The British pound continued its fall against other major currencies, as traders increasingly ruled out a rate hike this spring.

What are currencies doing?

The ICE U.S. Dollar Index DXY, +0.26%  rose 0.3% to 91.842, setting the benchmark on track for a 1.9% monthly advance, according to FactSet data. Such a gain would mark its best month since November 2016—the month of the presidential election. If the index slips from its current level, a 1.8% improvement on the month would still leave the gauge on track for its best month since February 2017.

The broader WSJ U.S. Dollar Index BUXX, +0.32%  was 0.3% higher at 85.59.

The pound GBPUSD, -0.1233%  dropped to $1.3766, compared with $1.3784 late Friday in New York, earlier trading around its lowest dollar level since mid-January.

The euro EURUSD, -0.4122%  declined to $1.2076 from $1.2131 on Friday, also marking a new lowest level since January in Monday’s session.

The yen USDJPY, +0.23%  also fell against the dollar, with the greenback buying ¥109.30, compared with ¥109.05 on Friday.

Most emerging markets are weaker on the back of the stronger greenback, though the Korean won USDKRW, +0.25%  started stronger during Asian session as continued headlines of rapprochement between North and South Korea keep supporting the currency. The dollar last bought 1,070.83 won, up slightly from 1067.85 late Friday in New York.

Read: Here’s why Turkey’s snap election won’t solve all the lira’s problems

What is driving the market?

The dollar kicked Monday off on a high note, ahead of a week filled with major economic releases such as nonfarm payrolls and manufacturing data, as well as the Federal Reserve’s two-day meeting that begins on Tuesday.

The Fed is widely expected to keep rates on hold when they conclude their meeting on Wednesday, but the rate setters could signal they are ready to hike in June.

Meanwhile, the British pound continued its descent, as investors started to price out a Bank of England rate rise at its May 10 meeting. Just two weeks ago, the market pricing implied a more than 80% probability for a hike in May, but following a string of disappointing economic data, any policy tightening is seen as off the table for now.

Domestic political trouble in the U.K. didn’t help sterling either, with Home Secretary Amber Rudd resigning over the weekend, following a scandal in which she was accused of misleading lawmakers about removal targets for illegal immigrants. She will be replaced by Sajid Javid, who is the son of Pakistani immigrants and the first member of an ethnic minority to hold the office of home secretary.

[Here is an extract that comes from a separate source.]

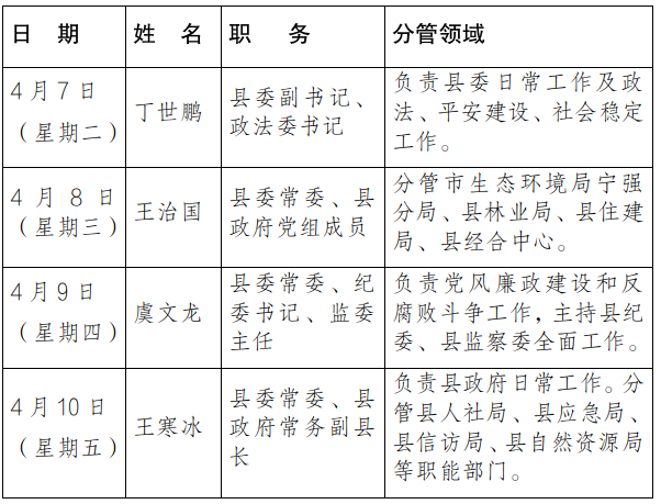 为进一步畅通信访渠道,方便群众及时就地反映诉求、解决问题,现将4月7日-10日县级领导在宁强县信访接待服务中心公开接访安排计划公布如下:

In Europe, German inflation eased in April, slipping further away from the European Central Bank’s inflation target of just below 2%. This follows a cautious-sounding ECB last week, which put the spotlight on eurozone data going forward.

Check out: Draghi just made coming eurozone data a lot more important

What are strategists saying?

“A busy week for all the major currencies is ahead of us, and traders’ interest should remain fixed on the fresh news and data coming our way. The U.S. nonfarm payrolls report on Friday would normally be the most market moving event of the next few days, but it’s the FOMC meeting on Wednesday that is at the top of our watch list,” said Konstantinos Anthis, head of research at ADS Securities, in a note.

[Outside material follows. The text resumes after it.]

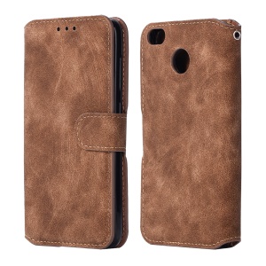 Vintage Style Matte Leather Skin Wallet Mobile Casing with Stand for Xiaomi Redmi 4X - Brown

“The Fed is on a course to raise rates again in June and we believe that they will use this month’s meeting to telegraph their intent to pull the trigger again and this will send the dollar sharply higher,” he added.

What else is in focus?

The PCE inflation index was flat in March, with the core index up 0.2%. Year over year, the indicator rose to 2%, hitting the Fed’s target, from 1.7% before.

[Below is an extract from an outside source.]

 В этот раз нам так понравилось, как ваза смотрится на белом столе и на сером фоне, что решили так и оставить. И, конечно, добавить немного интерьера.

Read: Inflation hits Fed’s 2% target, PCE shows, in prelude to faster rise in U.S. interest rates

Personal income for the same months advanced 0.3%, while consumer spending increased for the first time in three months, growing 0.4%.

The Chicago PMI for April came in at 57.6, slightly up from 57.4 before. Pending home sales rose 0.4% in March.

In other assets, U.S. stocks ended the day lower, with the Dow Jones Industrial Index DJIA, -0.61%  and S&P 500 SPX, -0.82%  in the red.

Longer-dated U.S. Treasury yields slipped a little, with the 10-year note TMUBMUSD10Y, -0.50%  last yielding 2.95%.